Mexico's government claims roughly 40,000 of the nation's 130,000 missing persons may still be living based on database cross-checks. Search groups and families are criticizing the announcement as an attempt to downplay the country's massive disappearance crisis.

MEXICO CITY — Mexican officials announced Friday they have discovered potential signs of life for approximately one-third of the nation’s 130,000 officially missing persons, sparking immediate backlash from search organizations who view the claim as an effort to minimize the severity of Mexico’s disappearance emergency.
Through cross-checking vaccination databases, birth certificates, marriage records, and tax documents, authorities determined that 40,367 individuals — roughly 31% of reported missing cases — have shown some form of government record activity after being declared disappeared.
Top security official Marcela Figueroa stated this evidence suggests these individuals could still be living.
Employing this investigative approach and working alongside various search organizations, Figueroa reported that officials successfully located 5,269 people who have now been classified as “found.”
Figueroa characterized numerous instances as “voluntary absences,” providing examples such as men abandoning their families for other relationships being listed as missing, and women fleeing domestic violence situations.
“Not all disappearances are the same,” she said, adding that the government was constantly working to locate Mexico’s missing people.
However, Héctor Flores, who leads a search organization in Jalisco state — the epicenter of Mexico’s disappearance emergency — labeled Friday’s announcement as “misleading” and criticized the government’s lack of methodological transparency.
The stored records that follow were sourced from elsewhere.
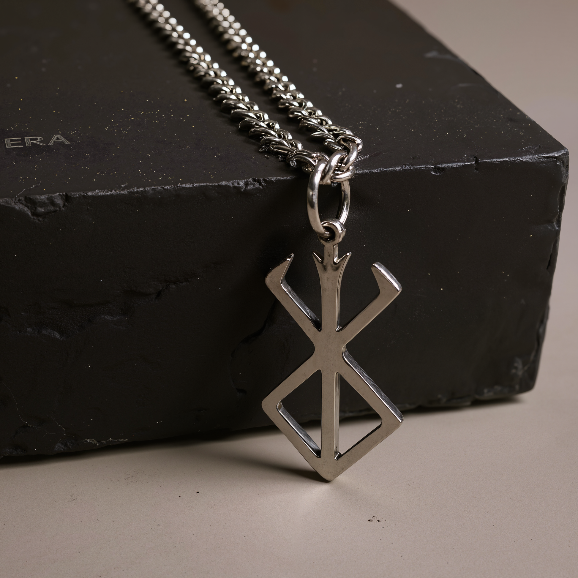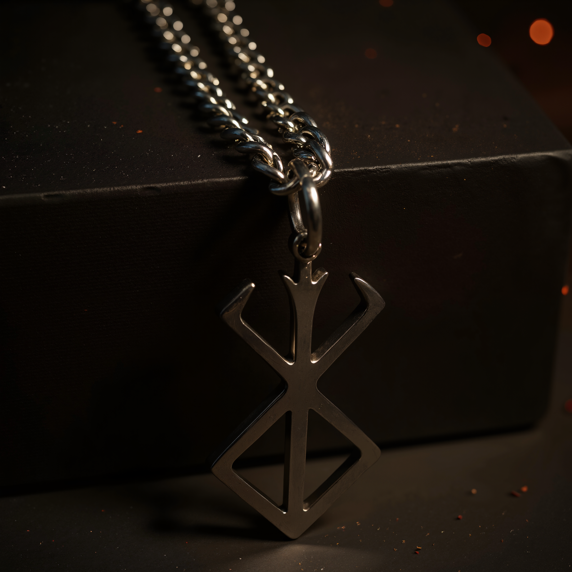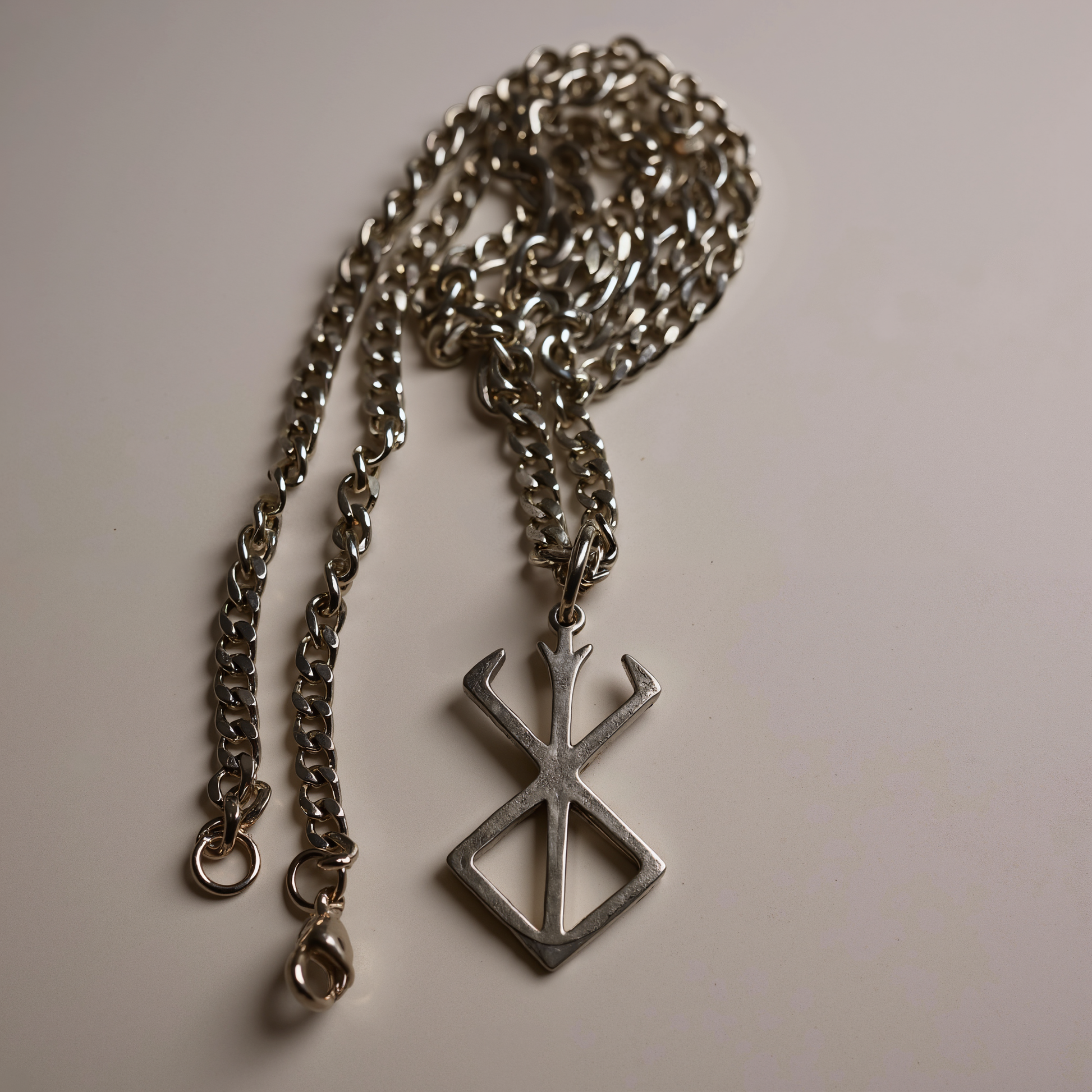 This stainless steel necklace features a finely crafted pendant inspired by the iconic Berserk anime's Mark of Sacrifice. Designed for enthusiasts and collectors, the 4mm thick, 60-cm chain offers durability and a bold statement. Its sleek finish ensures lasting shine, making it an ideal gift for fans seeking a blend of anime symbolism and sturdy craftsmanship. Perfect for everyday wear or as a unique addition to any jewelry collection.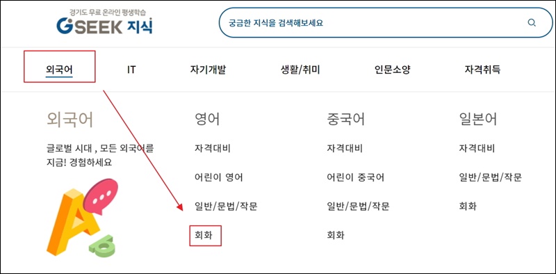경기도 지식 사이트에 접속했어요. 영어회화는 물론이고, 중국어나 일본어에 대한 여러 가지 강의도 마련되어 있어요. 더 나아가 IT, 자기개발, 생활, 취미, 인문소양, 자격취득에 관련된 온라인 학습 컨텐츠로 제공하고 있으니 배우고 싶은 것이 있다면 잘 활용해 보세요.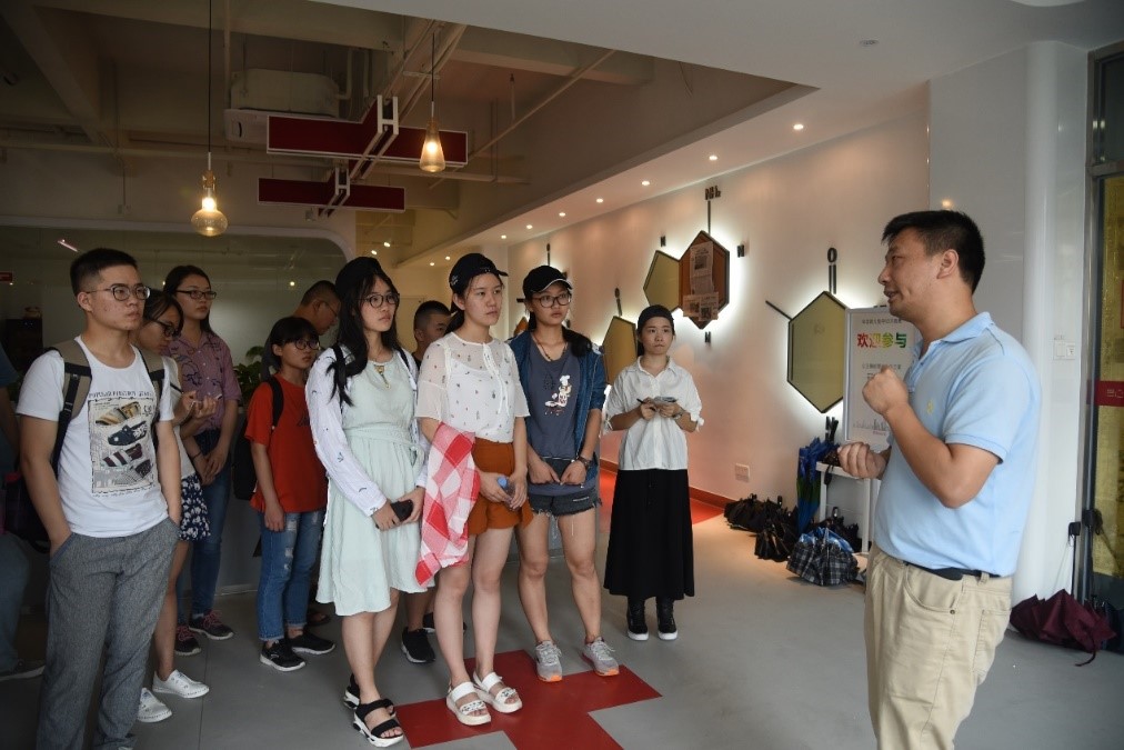 当日下午,参观团受邀前往选址在深圳市光明新区的“爱湾医学”公司参观。据悉,“爱湾医学”是一家致力于新生儿遗传代谢病检测、诊断及辅助治疗服务的独立第三方医学实验室。抵达后,“爱湾医学”董事长杨江涛先生详细地向我们介绍了两年前创办这一关于新生儿疾病筛查的分析化学实验室的过程,并在实验室内为参观团展示了完整的工作流程。公司总部员工墙上AGCTU的碱基图案、整洁的实验室、像是化工流程的书柜设计、具有人本关怀的创新专利,以及和谐的公司氛围,都给参观团留下了很深的印象。
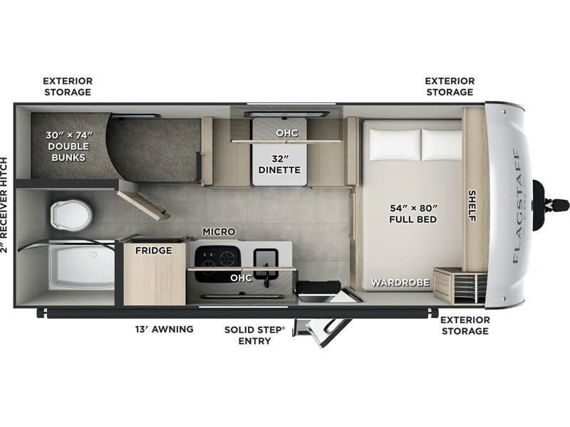 Step inside to discover a thoughtfully designed interior that maximizes space and functionality. The E17LE features a cozy sleeping area that comfortably accommodates up to three people, thanks to its convertible dinette and full-size bed. The kitchen is equipped with a two-burner cooktop, a microwave, and a refrigerator, allowing you to prepare meals with ease. Ample storage solutions, including overhead cabinets and under-bed compartments, ensure that all your essentials are neatly organized. The compact yet efficient bathroom includes a shower and toilet, providing all the comforts of home on the road.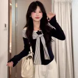 Комплект:Темно-синий синий топ + белые штаны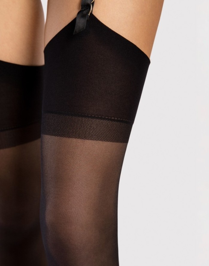 Klasiskās zeķes ar āķi un acīm ar unikālu spīdumu, kas panākts, apvienojot likru un spīdīgu trilobal šķiedru. (bez siksnas)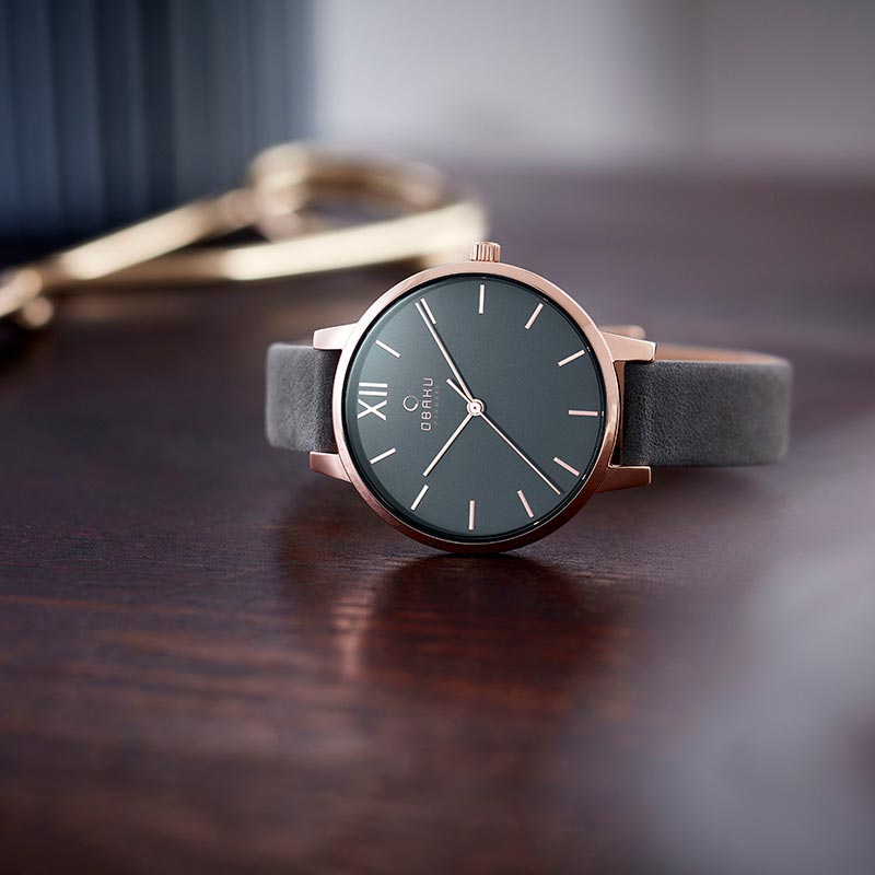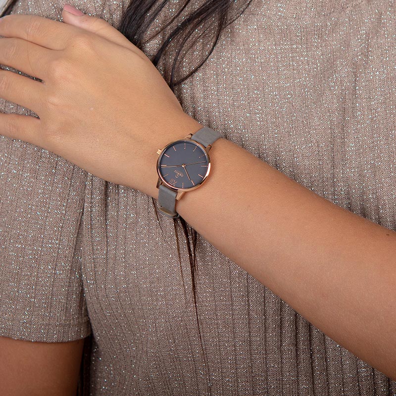 The Liv Pebble symbolizes life by its name and unique expression. It is the perfect timepiece for the woman who wishes to wear a classic design in a modern reinterpretation within colors and materials. Our Liv Pebble features a grey dial with rose gold coated hands and a single Roman figure to emphasize the beauty and function in the dial. The case is rose gold coated steel which is encircled by a luxurious grey calf leather strap that complement the design perfectly.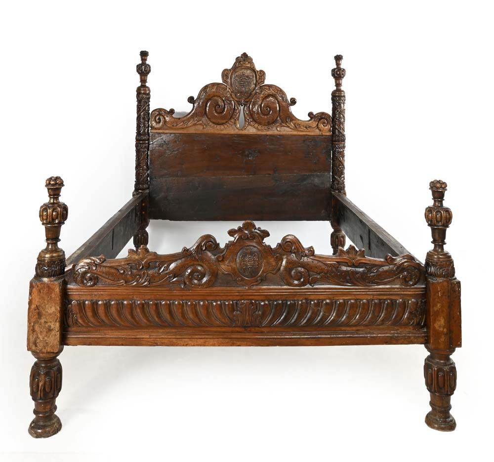 Lot 32 | Letto in noce, Italia settentrionale, XVII secolo cm 153x208x155 testate di...

Organizations like Flores’ have long accused officials of attempting to minimize the disappeared population to improve Mexico’s international image. The historical lack of accountability in such situations has created deep mistrust among families who worry that registry modifications could eliminate legitimate cases and obstruct search operations.
“For us, it’s just another attempt by the administration to hide and downplay the numbers and continue to paint a picture that doesn’t reflect the reality of what we’re living through,” said Flores, whose 19-year-old son was forcibly disappeared by agents from the Jalisco state prosecutor’s office in 2021.
Friday’s data revealed that 46,000 cases — representing 36% of registered disappearances — contained incomplete information such as missing names and dates, making investigation efforts impossible.
Additionally, 43,128 cases, or 33%, displayed no recorded government database activity. Among these, fewer than 10% are currently under criminal investigation, which Figueroa acknowledged represents a failure by Mexican law enforcement.
Figueroa also announced enhanced “monitoring” of regional prosecutor offices that have neglected to properly investigate and document missing person cases, while working to increase the number of active investigations.
“Society and the families can trust in the records and better tools to search for people,” Figueroa said.
These revised statistics represent part of a broader initiative to organize a complex database connected to collective trauma affecting the Latin American country, highlighting an intense debate over Mexico’s tracking of its disappearance crisis.
Criminal cartels have historically used forced disappearances as a control mechanism through intimidation while simultaneously hiding murder statistics. The 130,000 registered missing persons since 2006 could populate a small city, with missing person flyers covering walls throughout Mexico’s major urban areas.
This debate has persisted for years but intensified during former President Andrés Manuel López Obrador’s 2018-2024 administration. His government initiated a disappeared persons census after alleging previous statistics were exaggerated to damage his reputation.
Widespread criticism in 2023 resulted in the resignation of the official overseeing the search for disappeared individuals.
Mexican authorities have maintained that the official disappearance registry represents an overcount, frequently compromised by inaccurate local prosecutor data and instances where individuals are reported missing multiple times.
Search organizations like Flores’ group and the U.N. Committee on Enforced Disappearances contend the actual numbers likely exceed official statistics due to local government failures, family fears about reporting cases, and insufficient “clear and transparent” information.
The Miguel Agustín Pro Juárez Human Rights Center released a Friday statement welcoming data reliability improvements but criticized how officials presented the information as “minimizes the state’s responsibility” in the disappearance crisis while providing little assistance to families who frequently must conduct independent searches for missing relatives.